I know how this is going to sound before I say it, but I’m going to say it anyway. As a kid, I liked the GoBots better than the Transformers. What’s more, I think they deserve a shot at a big-budget, live-action redemption before Paramount vomits out any more abysmal Transformers sequels.

GoBots Showed Up Before The Transformers


I know, I know, it’s blasphemy, but I can’t help it. I’ve always had a thing for underdogs and the GoBots were nothing if not underdogs. Trust me, I am fully prepared to have my nerd card forcibly removed from my person by a gang of rabid Hasbro purists.

Before that happens, though, allow me to try and sell you on a GoBots movie.
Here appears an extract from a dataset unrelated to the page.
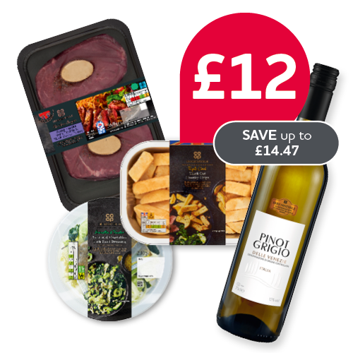 Co-op irresistible valentines chicken parmigiana / Co-op irresistible valentines chicken with truffle & wine sauce / Co-op irresistible beef bourguignon / Co-op irresistible salmon en croute / Co-op irresistible British angus rump steak in truffle garlic butter / Co-op irresistible aubergine parmigiana / Co-op irresistible chicken & mushroom pie / Co-op irresistible macaroni cheese / Co-op irresistible lasagne al forno / Co-op irresistible mashed potato / Co-op irresistible triple cooked thick cut chunky chips / Co-op irresistible dauphinoise potatoes / Co-op irresistible veg medley basil 230g / Co-op irresistible kale salad bowl / Co-op irresistible extra virgin olive oil roast garlic & parsley flatbread / Co-op irresistible solo pale spanish rose 13.5 % / Co-op irresistible pinot grigio 12% / Co-op irresistible rioja crianza 13.5%
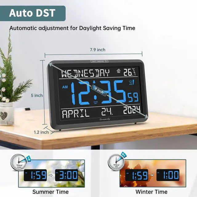 The day of week clock will adjust for daylight saving time automatically during DST time, no resetting hassle for seniors and the elderly, making it an easy to use digital day date time clock for seniors.

For anyone not familiar with the GoBots, they were similar to Transformers—giant sentient robots that transformed from vehicles to humanoids and vice versa—but never quite as popular. While the GoBots are often seen as a cheap Transformers knockoff they actually appeared on American toy shelves a whole year before their more successful cousins.

First On The Small And Big Screens


From there both toy lines were turned into half-hour cartoons with the GoBots again beating the Transformers to the punch. To be fair Challenge of the GoBots only began airing a week before Transformers but a win is a win.

Even crazier, the GoBots made their big-screen debut first as well. GoBots: Battle of the Rock Lords hit theaters in March of 1986 while the copycat Transformers: The Movie wasn’t released until August of the same year.

Kids Didn’t Go For The GoBots

For all of their pedigree, the GoBots just never seemed to take off with kids the way Transformers did. If I had to guess, I’d say the series’ lack of memorable characters might have had something to do with it. While Transformers regularly introduced new characters to pad out the Autobots and Decepticons rosters, the GoBots mostly focused on six main characters, and that was pretty much it.

The Guardians And The Renegades

The good guys, known as the Guardians, were comprised of the accurately named Leader 1 (a fighter Jet), Turbo (a race car), and Scooter, whose transformation was self-explanatory. Meanwhile, the evil Renegades were led by Cy-Kill, a maniacal motorcycle, and included Cop-Tur (a helicopter) and Crasher (an evil female race car). As cool as those six were—and they were cool darn it!—any other background GoBots were completely forgettable.

GoBots Are More Powerful


So why did I like these robotic goons? Well, for one thing, as I said, they were underdogs, and I have a soft spot for underdogs.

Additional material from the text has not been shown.